The Green Party councillor was chosen by the authority’s members at its annual meeting on Thursday, 25 June. The NLWA is run by 14 elected representatives drawn from Barnet, Camden, Enfield, Hackney, Haringey, Islington and Waltham Forest. Cllr Madeline Church, a Green from Enfield, and Cllr Peter Zinkin, a Conservative from Barnet, were elected vice-chairs.

“I am honoured to have been elected chair of NLWA,” Cable said. “My objective is to lead NLWA in an open and participatory way and ensure that we work to reduce waste in all its forms.”

Photograph of Jacob Cable
New chair Cllr Jacob Cable. Photograph:NLWA

He takes over an authority that used the same meeting to approve its annual report for 2025–26 — and one still wrestling with the long-delayed incinerator at the heart of its operations.

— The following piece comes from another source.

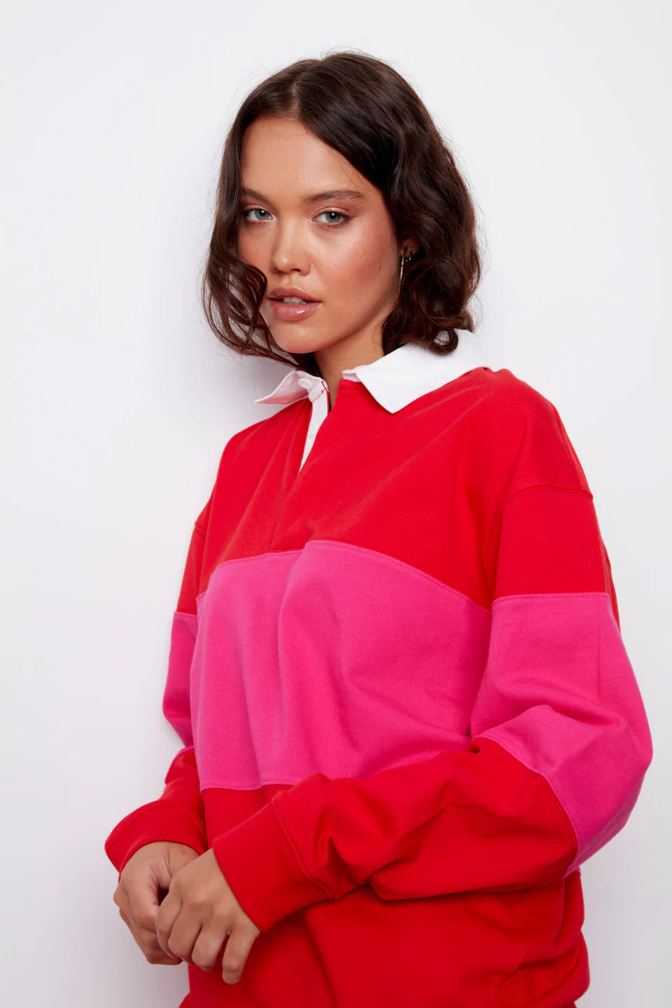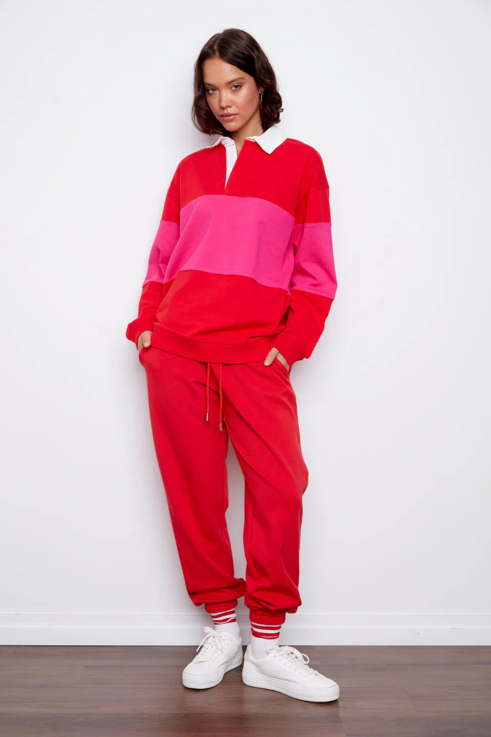 The vibrant color-block design adds a playful, statement edge, making it perfect for pairing with matching joggers or styling back to denim for an elevated off-duty look.

By the end of the year, construction of the publicly owned Energy Recovery Facility at Edmonton EcoPark was just over half complete, with around 70 per cent of the specialist equipment ready to be installed. The authority acknowledged “there have been delays” but insisted there was “steady and active progress on the construction site every day”. In the meantime, the NLWA said it had been working with its operating arm, LondonEnergy Ltd, to keep the existing plant running “for longer than originally intended” — a tacit admission that north London will be burning waste at the ageing facility well beyond the timetable once set out.

The Edmonton incinerator, costed at £1.2bn at 2019 prices, has been opposed for years by environmental campaigners, who argue that committing the region to large-scale waste burning for decades undercuts efforts to cut, reuse and recycle.

On the recycling front, the report struck a more confident note. Reuse and recycling rose to 29.7 per cent over the year, with more than 83 per cent of material taken to the authority’s recycling centres recycled, while residual waste fell by more than 22,000 tonnes and none was sent to landfill. Food waste recycling climbed sharply to 27,786 tonnes, which the authority attributed to expanded collections and new national rules requiring separate food waste collection.

A recycling taskforce engaged 30,000 residents in targeted areas to lift recycling rates and cut contamination, and a new four-year, £1m community fund was launched. EcoPark House, an education and community centre on the Edmonton site, welcomed more than 1,000 students in its first year.

Financially, the authority reported spending £93.9m against a £98.5m budget, with the £4.6m underspend earmarked to reduce future costs for the constituent boroughs.

The meeting also marked the first full year of the North London Joint Waste Strategy 2025–2040, adopted by all seven boroughs, which sets targets including halving avoidable food waste, increasing reuse and recycling, and processing all of the region’s recycling within the UK by 2030.